Page 36 - "The Primary View (not the present view of the FASAB) - collecting taxes and paying benefits are not two separate non-exchange transactions, and the government should not be free to walk away from social insurance commitments."
http://www.fasab.gov/pdffiles/socialins_exposurefinal.pdf.
Don Levit
And if you stop collecting payroll taxes, even the illusion of the connection disappears. It becomes entirely a welfare program funded only by general revenues.
Don,
I took a look at that FASAB document, as well as the SS 17 document it often referenced: http://www.fasab.gov/pdffiles/17_ss.pdf. Boy is that heavy reading. I had trouble making sense of it, but I did find a Heritage Foundation article on a similar FASBA report from 2006 which helped me make sense of it: http://www.heritage.org/research/reports/2006/10/a-better-measure-of-long-term-spending-fasab-proposes-changes-in-accounting-for-social-security-medicare.
I learned some things:
1. FASBA is mearly creating guidelines for accountants in agencies like OMB. They are certainly worth noting, but I wouldn't say they have the final word on this issue.
2. You have Primary and Alternative views confused. According to Heritage, Primary is the main view, and Alternative is the, well, alternate. Sort of like Majority/Concurring and Dissenting opinions in the Supreme Court.
3. The Heritage Foundation article (Heritage is conservativet, for all those who don't know) points out this statement in FASBA's Primary view:
"The Primary view members ... observed strong similarities, in their view, between these social insurance programs and private sector pension and retiree health benefits and cited the need for formally recognizing their financial commitments."
4. It is also worth noting that the report you quote is an 85 page document, in which only a small handful of phrases (that are found primarily in the appendix, have little to do with the main purpose of the report, and are included only for the sake of helping to explain the argument of the minority opinion) support the idea of a blurred line between trust and general funds.
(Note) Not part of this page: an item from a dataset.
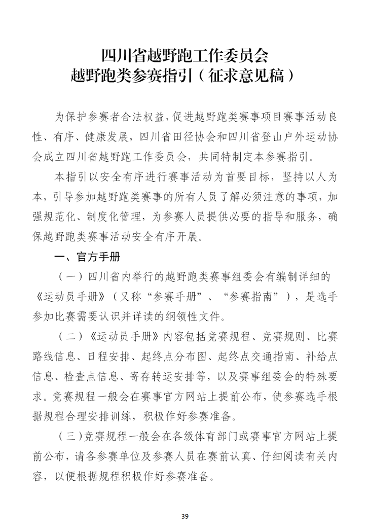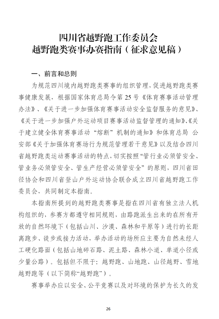 越野跑類參賽指引征求意見(jiàn)稿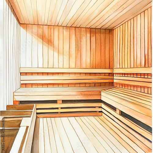 Warm and inviting sauna interior a detailed watercolor illustration of a relaxing spa setting.

Sorry for the long post, but compared to the amount of **** I had to read, it is peanuts. Thanks Don for making me read more about this issue, I feel quite a bit smarter now. I probably won't post again (I'm about done reading these esoteric papers, and at this point I'm sure Chuck is wondering why I'm hijacking his blog) but I'll read any response you make.
No Saj:
I am pretty sure I do not have the views mixed up, although it seems that way, by their names.
I checked it out pretty carefully on the FASAB paper, which I would rely on more than the Heritage Foundation.
The FASAB is the advisor for the federal gopvernment, similar to the FASB for private businesses and the GASB for state and local governments.
If you go to fasab.gov, you will see how important their rulings are.